The effect of timbre on the streaming behavior could have implications for hearing-impaired patients, depending on the aids they use for listening. If these aids do affect the timbre of sounds differently across ears, binaural streaming could be affected negatively. This could apply to patients with CIs, providing electric instead of acoustic stimulation, especially for patients with a unilateral CI and acoustic hearing on the other side and this task could be adapted to assess if these changes in interaural percepts lead to changes in binaural streaming behavior for CI patients. Also, patients with highly asymmetric hearing loss, using entirely different hearing-aids across ears, could be affected. If the binaural object-formation was malfunctioning, performance in tasks relying on the evaluation of binaural cues, such as speech reception in noise and sound localization, could be reduced severely.
This study proposes a modification of the scale illusion experiment by Deutsch (1975) into a detection-task to assess listeners' binaural streaming behavior without relying upon subjective reports of percepts. As in the original study, the NH listeners grouped the binaural stimuli by frequency proximity instead of lateralization, for which they had to integrate stimuli from both ears into a common stream. Participants were able to focus on either the low or high stream and detect a deviant note, but it appears to be easier to focus on the higher stream. Two control conditions were added in which lateralization cues were enhanced. Detection scores dropped significantly, indicating that the task was facilitated by the ability to group stimuli by frequency proximity. The new task could be suited to assess binaural streaming in the hearing-impaired population and explore possible changes and adaptations in the mechanisms.

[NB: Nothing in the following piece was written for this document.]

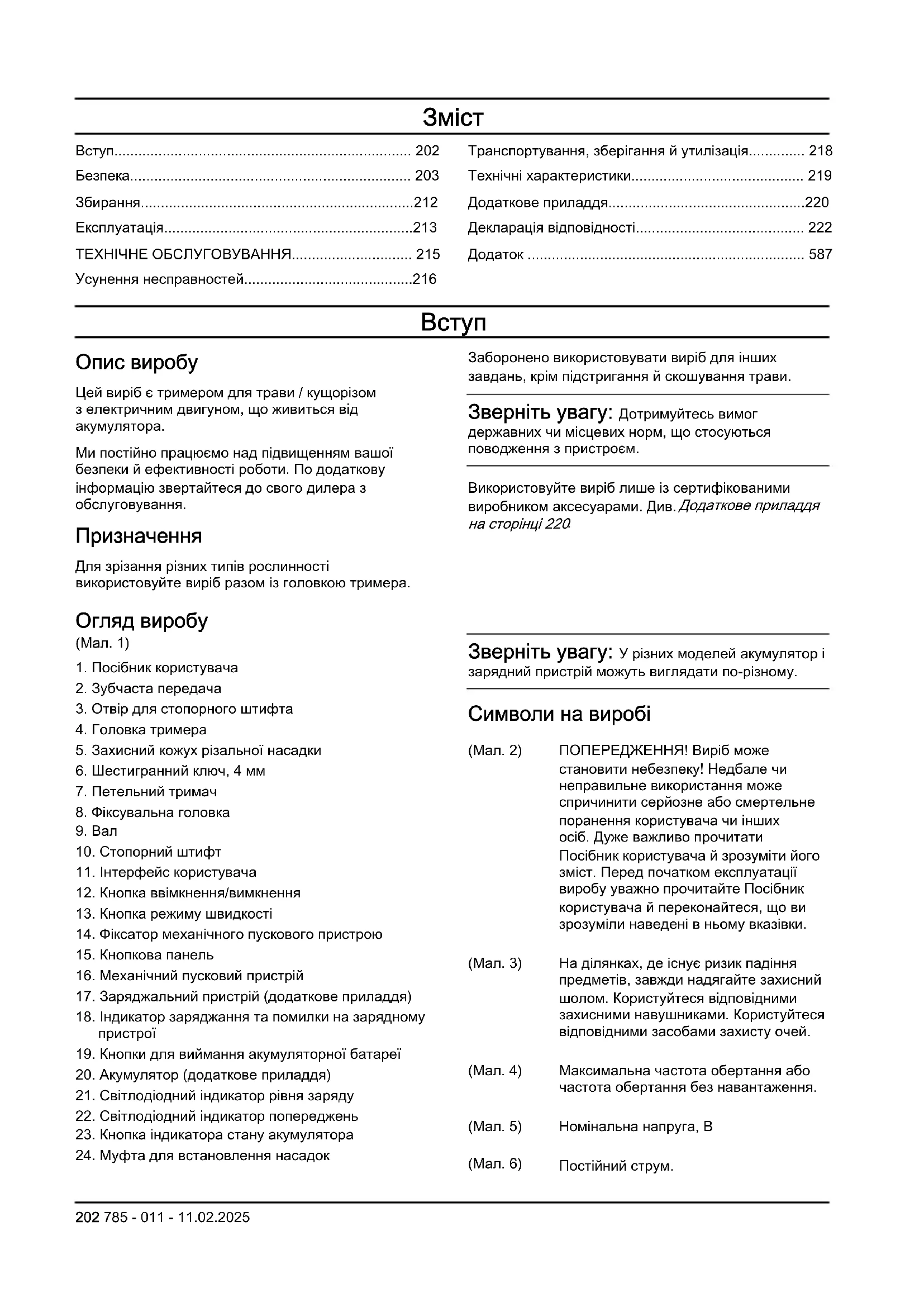 Зверніть увагу: У різних моделей акумулятор і зарядний пристрій можуть виглядати по-різному. Символи на виробі (Мал. 2) ПОПЕРЕДЖЕННЯ! Виріб може становити небезпеку! Недбале чи неправильне використання може спричинити серйозне або смертельне поранення користувача чи інших осіб. Дуже важливо прочитати Посібник користувача й зрозуміти його зміст. Перед початком експлуатації виробу уважно прочитайте Посібник користувача й переконайтеся, що ви зрозуміли наведені в ньому вказівки. (Мал. 3) На ділянках, де існує ризик падіння предметів, завжди надягайте захисний шолом. Користуйтеся відповідними захисними навушниками. Користуйтеся відповідними засобами захисту очей. (Мал. 4) Максимальна частота обертання або частота обертання без навантаження. (Мал. 5) Номінальна напруга, В (Мал. 6) Постійний струм. 202 785 - 011 - 11.02.2025(Мал. 7) З-під виробу можуть вилітати предмети, що може призвести до травм. (Мал. 8) Використовуйте лише неметалеві гнучкі насадки, такі як тримерна головка із тримерним шнуром. (Мал. 9) Виріб відповідає належним вимогам директив ЄС. (Мал. 10) Використовуйте відповідні захисні

The authors would like to thank everybody who participated in the experiment for their help and Tanmayee Uday Pathre for collecting part of the data. Thanks to the colleagues from the Hearing Systems Group for valuable comments and discussions, and Andrew Oxenham for a fruitful discussion in an early stage of the experiment. These studies were made possible by funding from the Centre for Excellence in Hearing and Speech Sciences (CHeSS), Oticon Medical, and the Oticon Foundation.